If we have a bounded operator $f:X \to Y$ then $f^*:Y^* \to X^*$ and $f^{**} = (f^*)^*: X^{**} \to Y^{**}$ then $$f^{**}(i_X x) = i_Y f(x)$$ because $$f^{**}(i_X x)(\psi) = i_X x (f^*(\psi)) = f^* (\psi)(x) = \psi(fx) = i_Y(fx)(\psi)$$

where $\psi \in Y^*$ and $i_X, i_Y$ are the canonical injective maps from $X,Y$ to $X^{**},Y^{**}$ respectively. We say that $X$ is reflexive (by definition) if $X \cong X^{**}$ isometrically via $i_X$ (so it suffices to show that $i_X$ is onto, as we know it's an isometry).

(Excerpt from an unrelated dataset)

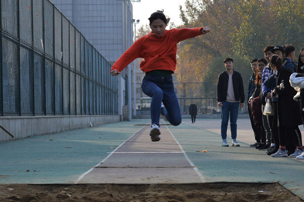 运动会设有男子女子100米、200米、400米、1500米、铅球、垒球、跳远、4*100米接力等多项竞技活动,以及拔河、竞速协作、企鹅接力、泰坦尼克号、袋鼠行动等多项趣味活动。短跑比赛中呐喊声,加油声连绵不断,声音鼓舞着运动员们奋勇向前。跳远运动员们助跑、踏跳、腾空、踏入沙坑,激起一片飞尘;拔河比赛将运动会带向高潮,加油声、呐喊声响成一片;趣味项目中队员们伴随着一二一二的口号齐心向前。运动员们在挥洒汗水中收获友谊与热情,在竞技与拼搏中体味青春活力,在对比与共融中磨练和丰富自我。同时,负责组织运动会的学生会成员也坚守在自己的岗位上,协助检录,通知运动员比赛,进场。裁判员们严肃公正的监督比赛运行。传媒社的同学奔波在赛场上捕捉精彩瞬间,记录感人时刻。大家的共同努力促进了运动会的圆满举行。最终预科一班、预科二班和2017级哲学班分别获得团体第一、二、三名的好成绩。马雁思和曹晓军分别为他们颁奖并合影留念

Now assume $X$ is reflexive. If $f$ is an isomorphism then $f^*$ is an isomorphism (because $(f^{-1})^*=(f^*)^{-1}$ and is linear) and so likewise $f^{**}$ is an isomorphism. But isomorphisms are necessarily onto, so $f^{**} \circ i_X$ is onto and hence given any $\xi \in Y^{**}$ we can find an $x\in X$ such that the first $=$ below is true, then the second $=$ below was proven above:

$$(\xi) (\psi)=f^{**}(i_Xx)(\psi) = i_Y (fx)(\psi)$$

So this shows that $i_Y$ is onto, hence $Y$ is reflexive.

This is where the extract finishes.